邱成不再耽擱,帶著押送船隊迅速調頭,破浪朝著青蘆水寨的方向疾馳而去。
水面上剩下的幾艘戰船重新散開。
魏鋒拎起分水斧,回頭看向眾人:「魚怪雖死,外圍還有不少受驚的雜魚和血口魚在水下亂竄。「
」趁著秘境門戶還沒徹底洞開,所有人繼續下水,分頭清場,天黑之前必須把這片水域徹底掃乾淨!」
「是!」
眾人齊聲應諾,接二連三翻身躍入水中。
深水之中,原本密集的魚潮在失去怪魚的統領後已經開始潰散。
但仍有不少兇殘的鐵吻魚與成群的青皮鰱在橫衝直撞,攪得水流一片渾濁。
沈硯懸浮在十丈深處,暗自感受著喉間與耳膜的那股清涼氣流,躍躍欲試。
「既然能發聲引動低智水獸,正好拿這些雜魚試試手。」
沈硯心念微動,喉嚨底部的肌肉以一種特殊的頻率微微收縮,順著水流發出了一道無聲的震波。
嗡!
波紋無形無質,卻極具穿透力,朝著前方十丈方圓擴散開來。
退!退!退!
蘊含驅散意義的聲波傳入一條條大魚的腦子裡。
下一瞬間,前方原本還在四處游弋撕咬的魚群猛然一僵。
緊接著,魚尾拼命擺動,朝著遠離沈硯的方向瘋狂逃竄。
成群結隊的青皮鰱和草魚仿佛接收到了不可違逆的號令,紛紛如驚弓之鳥般四散退避,甚至主動讓出了一條數丈寬的水道。

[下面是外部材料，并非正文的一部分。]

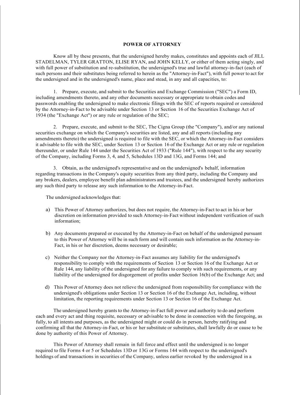 POWER OF ATTORNEY Know all by these presents, that the undersigned hereby makes, constitutes and appoints each of JILL STADELMAN, TYLER GRATTON, ELISE RYAN, and JOHN KELLY, or either of them acting singly, and with full power of substitution and re-substitution, the undersigned's true and lawful attorney-in-fact (each of such persons and their substitutes being referred to herein as the "Attorney-in-Fact"), with full power to act for the undersigned and in the undersigned's name, place and stead, in any and all capacities, to: 1. Prepare, execute, and submit to the Securities and Exchange Commission ("SEC") a Form ID, including amendments thereto, and any other documents necessary or appropriate to obtain codes and passwords enabling the undersigned to make electronic filings with the SEC of reports required or considered by the Attorney-in-Fact to be advisable under Section 13 or Section 16 of the Securities Exchange Act of 1934 (the "Exchange Act") or any rule or regulation of the SEC; 2. Prepare, execute, and submit to the SEC, The Cigna Group (the "Company"), and/or any national securities exchange on which the Company's securities are listed, any and all reports (including any amendments thereto) the undersigned is required to file with the SEC, or which the Attorney-in-Fact considers it advisable to file with the SEC, under Section 13 or Section 16 of the Exchange Act or any rule or regulation thereunder, or under Rule 144 under the Securities Act of 1933 ("Rule 144"), with respect to the any security of the Company, including Forms 3, 4, and 5, Schedules 13D and 13G, and Forms 144; and 3. Obtain, as the undersigned's representative and on the undersigned's behalf, information regarding transactions in the Company's equity securities from any third party, including the Company and any brokers, dealers, employee benefit plan administrators and trustees, and the undersigned hereby authorizes any such third party to release any such information to the Attorney-in-Fact. The undersigned acknowledges that: a) This Power of Attorney authorizes, but does not require, the Attorney-in-Fact to act in his or her discretion on information provided to such Attorney-in-Fact without independent verification of such information; b) Any documents prepared or executed by the Attorney-in-Fact on behalf of the undersigned pursuant to this Power of Attorney will be in such form and will contain such information as the Attorney-in- Fact, in his or her discretion, deems necessary or desirable; c) Neither the Company nor the Attorney-in-Fact assumes any liability for the undersigned's responsibility to comply with the requirements of Section 13 or Section 16 of the Exchange Act or Rule 144, any liability of the undersigned for any failure to comply with such requirements, or any liability of the undersigned for disgorgement of profits under Section l 6(b) of the Exchange Act; and d) This Power of Attorney does not relieve the undersigned from responsibility for compliance with the undersigned's obligations under Section 13 or Section 16 of the Exchange Act, including, without limitation, the reporting requirements under Section 13 or Section 16 of the Exchange Act. The undersigned hereby grants to the Attorney-in-Fact full power and authority to do and perform each and every act and thing requisite, necessary or advisable to be done in connection with the foregoing, as fully, to all intents and purposes, as the undersigned might or could do in person, hereby ratifying and confirming all that the Attorney-in-Fact, or his or her substitute or substitutes, shall lawfully do or cause to be done by authority of this Power of Attorney. This Power of Attorney shall remain in full force and effect until the undersigned is no longer required to file Forms 4 or 5 or Schedules 13D or I 3G or Forms 144 with respect to the undersigned's holdings of and transactions in securities of the Company, unless earlier revoked by the undersigned in a
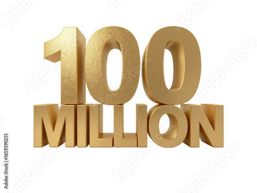 Golden commemorative rendering of one hundred million isolated on transparent background for success
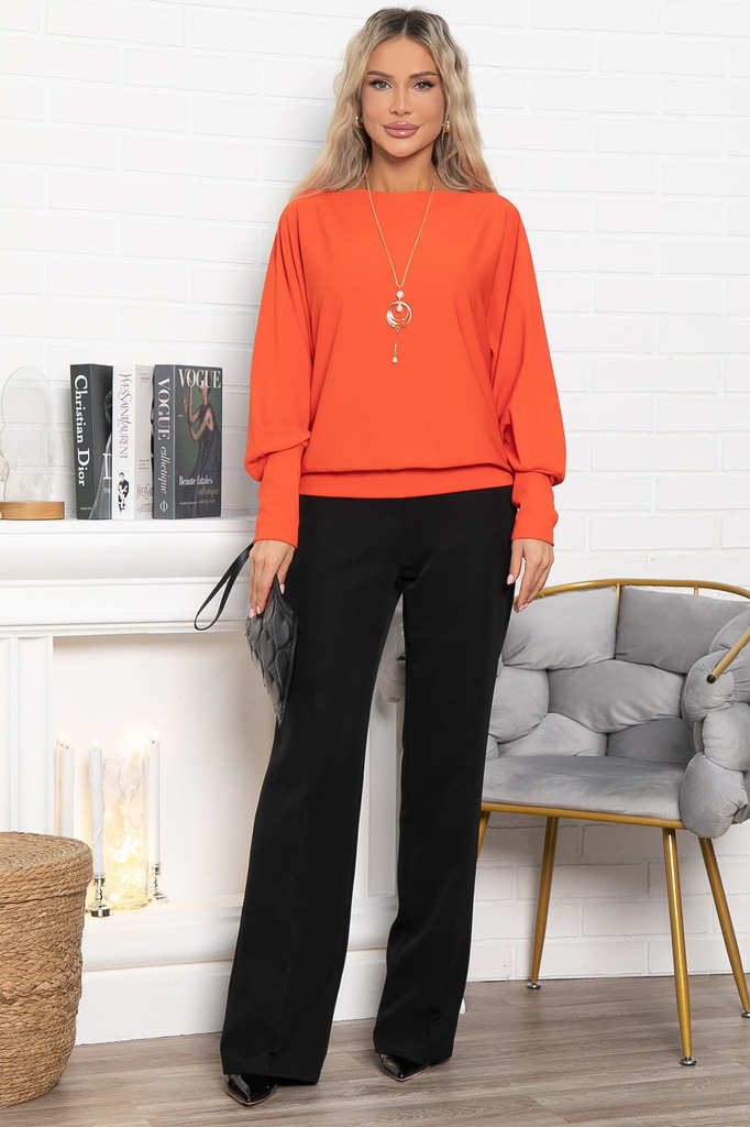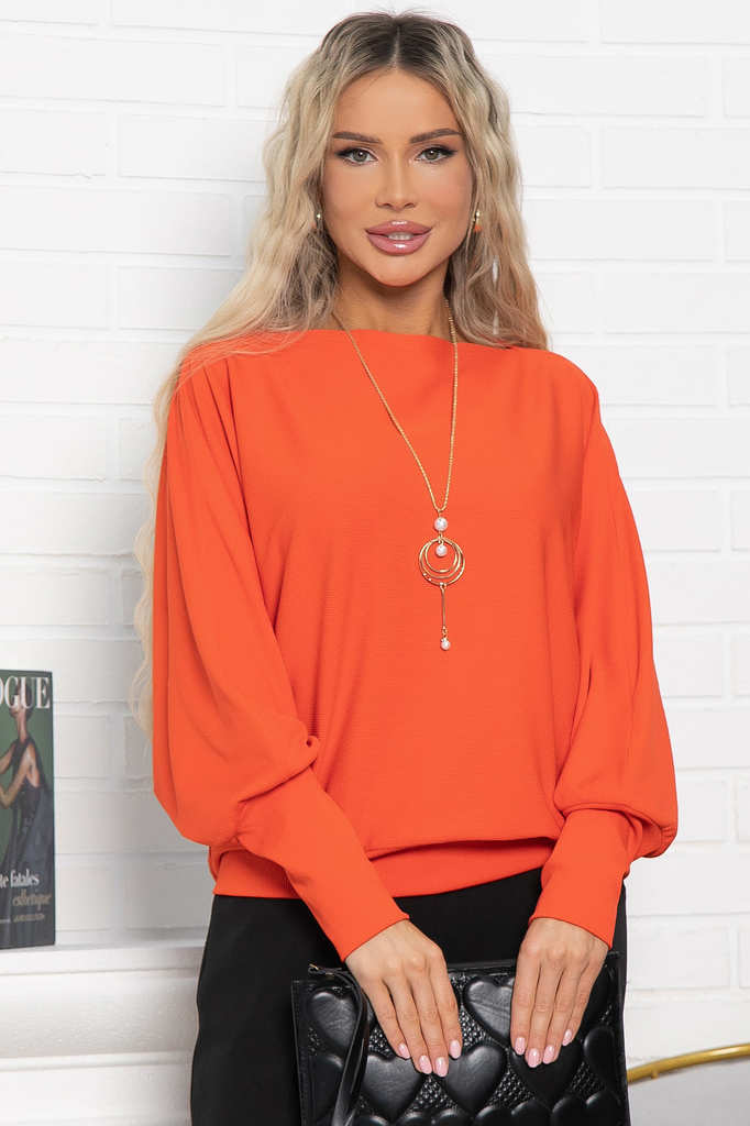 Состав : 65% полиэстер, 30% вискоза, 5% эластан Материал : трикотаж "лапша" в мелкий рубчик Цвет : оранжевый Принт : отсутствует Силуэт : свободный Карманы : отсутствуют Подкладка : отсутствует Вид за... Показать описаниестежки : без застёжки Декоративные элементы : подвеска в комплекте Длина : 44-46 (s) - 60 см,, 48-50 (м) - 60 см,, 52-54 (l) - 60 см Обхват груди : 44-46 (s) - 130, 48-50 (м) - 140, 52-54 (l) - 150 Обхват талии : 44-46 (s) - 120, 48-50 (м) - 130, 52-54 (l) - 140 Дополнительные параметры размеров : 44-46 (s) - длина рукава Отснято с брюками Б13889-33М Великолепная трикотажная блуза сочетает в себе комфорт и утонченность. Овальный вырез горловины и цельнокроеные рукава «летучая мышь» придают ей уникальный вид. Высокий манжет по низу рукавов добавляет изысканности. Эта блуза отлично сочетается с юбками, брюками и джинсами любого фасона, создавая разнообразные модные образы. В комплекте идет подвеска, которая станет ярким акцентом и подчеркнет вашу индивидуальность. Внимание! Рекомендуем ориентироваться на размерную сетку и выбирать свой привычный размер, согласно размерной таблице. *Допуск отклонения длины при массовом производстве 1-3 см является нормой. Уход за изделием: Ручная стирка или стирка в машине при температуре до 30 °C, деликатный режим. Не использовать отбеливатели. Разрешена глажка при температуре до 110 °C. При глажке использовать специальную насадку на подошве утюга, гладить с паром. Не замачивать и не выжимать. Стирать изделие наизнанку, отдельно от других вещей.
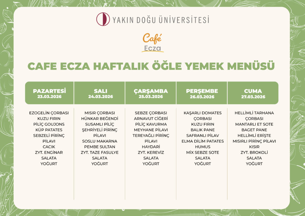 Cafe Ecza Haftalık Yemek Menüsü
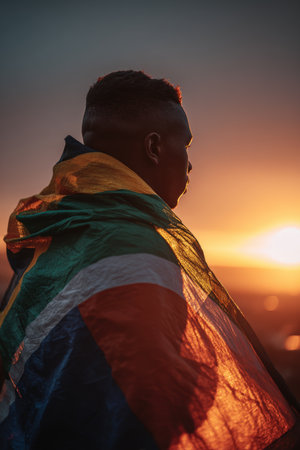A South African fan is wrapped in a flag, illuminated by a warm sunset. The glowing colors create a cinematic scene, symbolizing celebration and cultural pride.
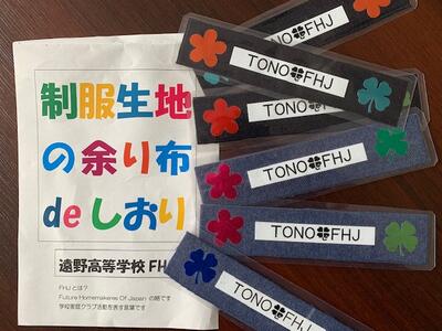 遠野高校家庭科クラブさんは、学生服メーカーさんからいただいた余り布の有効的な活用について研究しています。その活動の一端として、毎年本校一年生に「読書用しおり」がプレゼントとして届くのです。
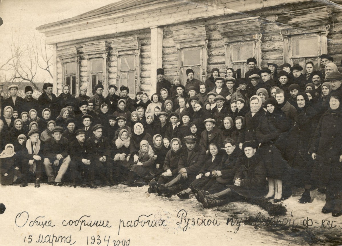 Собрание рабочих пуговичной фабрики, 1934г

沈硯甚至都不需要拔刀,只需在水中緩緩游弋,周身十丈內便再無半條魚影停留。
一旁搭檔老陳看到如此詭異的一幕,整個人直接愣在水裡,嘴裡咕嚕嚕冒出一串巨大的氣泡。
隨即,他轉頭看向沈硯,目光驚疑。
這小子到底使了什麼妖法?
難道,這也是天賦不成?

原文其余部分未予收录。